Superflex Peter Blum Gallery - 526 West 29th Street
until March 22, 2010
The Ghanaian-born, Nigerian-based artist El Anatsui opens a show of work tomorrow at Jack Shainman Gallery. In anticipation (because we haven’t seen what will be on view), we’re posting a video from the Met that shows him installing a piece there. The artist describes his work as cloth made from metal and has 16 - 20 assistants that prepare his materials: used bottle caps from liquor bottles. He says he recognizes the differences in the way that the each folds the bottle caps and states:
“Art grows out of each particular situation and I believe that artists are better off working with whatever their environment throws up. I think that’s what has been happening in Africa for a long time, in fact not only in Africa but the whole world, except that maybe in the West they might have developed these ‘professional’ materials. But I don’t think that working with such prescribed materials would be very interesting to me–industrially produced colors for painting. I believe that color is inherent in everything, and it’s possible to get color from around you, and that you’re better off picking something which relates to your circumstances and your environment than going to buy a readymade color.” El Anatsui: Art in America, May 2006.

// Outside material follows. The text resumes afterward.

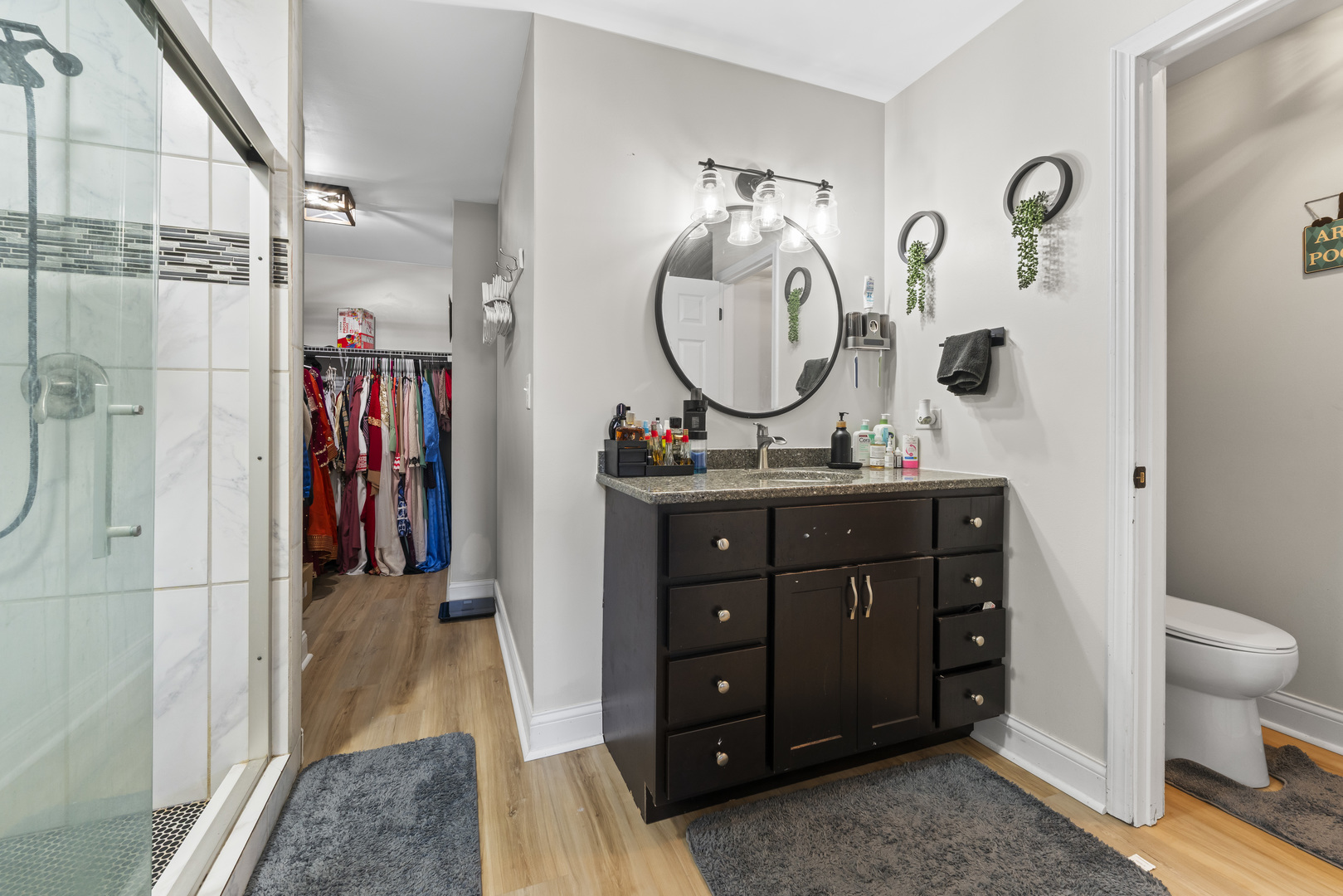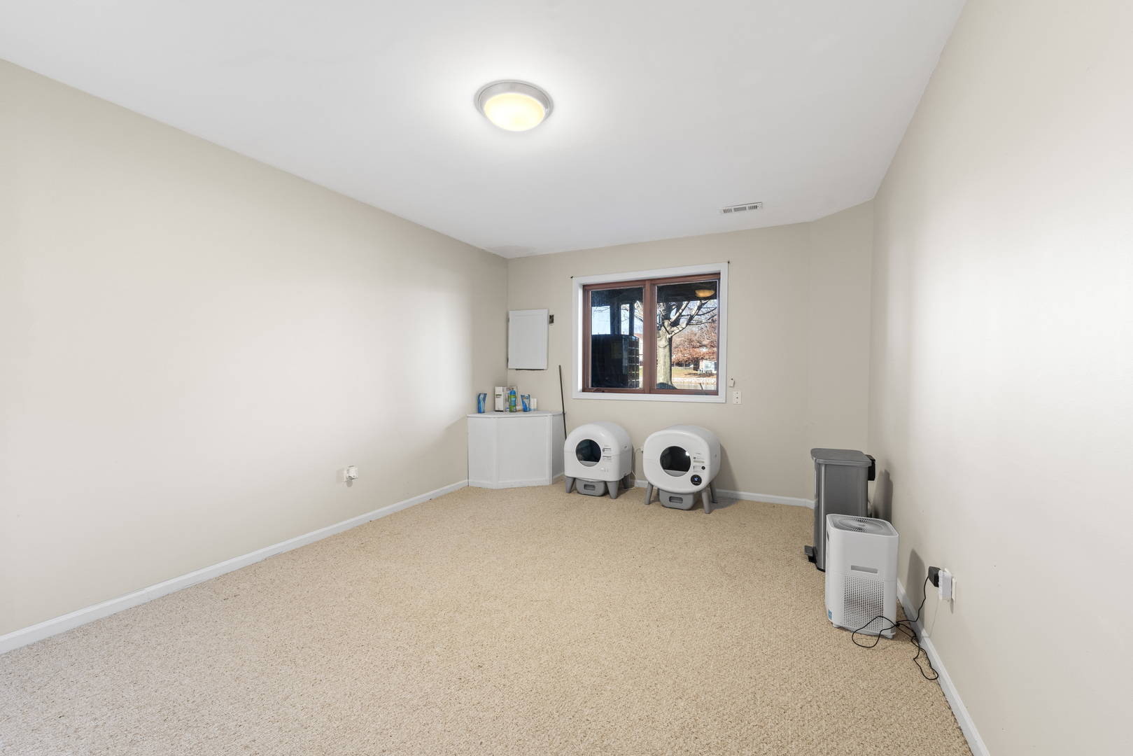 Well maintained 3 bedroom, 3 bathroom ranch-style townhome in Orland Park with a basement and a water view behind the property. The main level includes an open living area, kitchen, dining space, and a primary bedroom with an attached bathroom. The home features two additional bedrooms and a full hall bath on the main floor. The basement provides additional finished living space, storage options, and a third full bathroom. The backyard offers a view of the pond, providing a calm setting from the deck or patio area.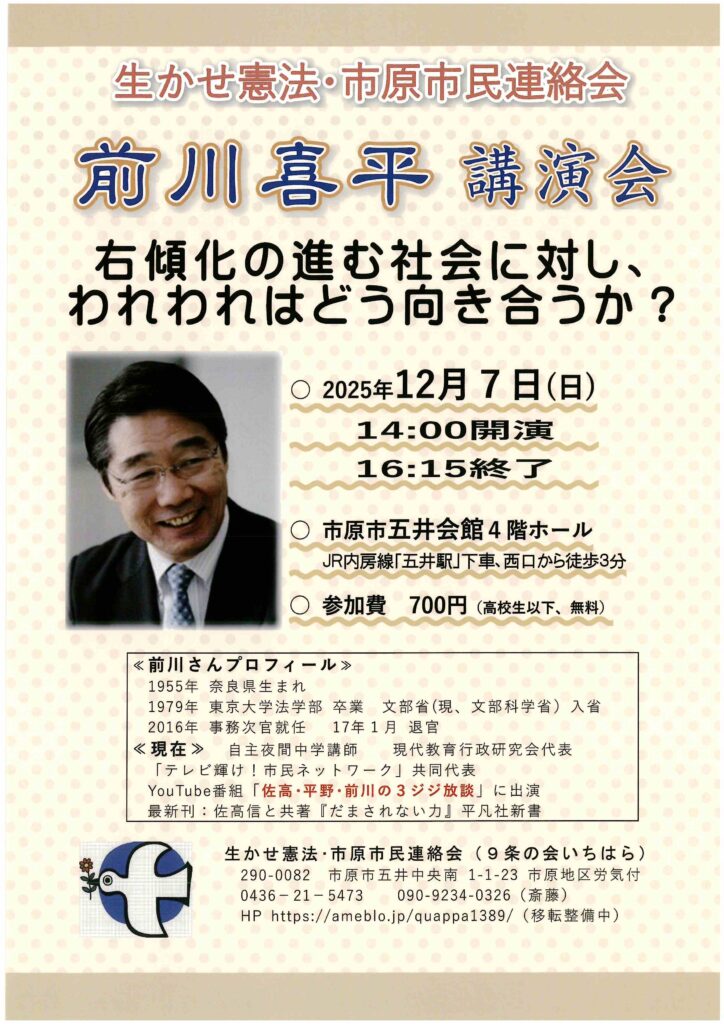 「右傾化の進む社会に対し、われわれはどう向き合うか?」日時:12月7日(日)場所:市原市五井会館 4階大ホール講師:前川喜平さん参加費:700円主催:生かせ憲法・市原市民連絡会 活動を支えてくださる方のご入会をお待ちしております いちはら市民ネットワークの活動に賛同してくださる方のご入会は、私たちにとって大きな喜びと励みになります。 ご入会の詳細はこちら FacebookXBluesky

A visitor to his work can read a historical significance (the bottle caps ”encapsulate the essence of the alcoholic drinks which were brought to Africa by Europeans as trade items at the time of the earliest contact between the two peoples.” El Anatsui), and a contemporary significance (the leftovers from our own material culture). Can’t wait to see what other stories get evoked in this upcoming exhibition.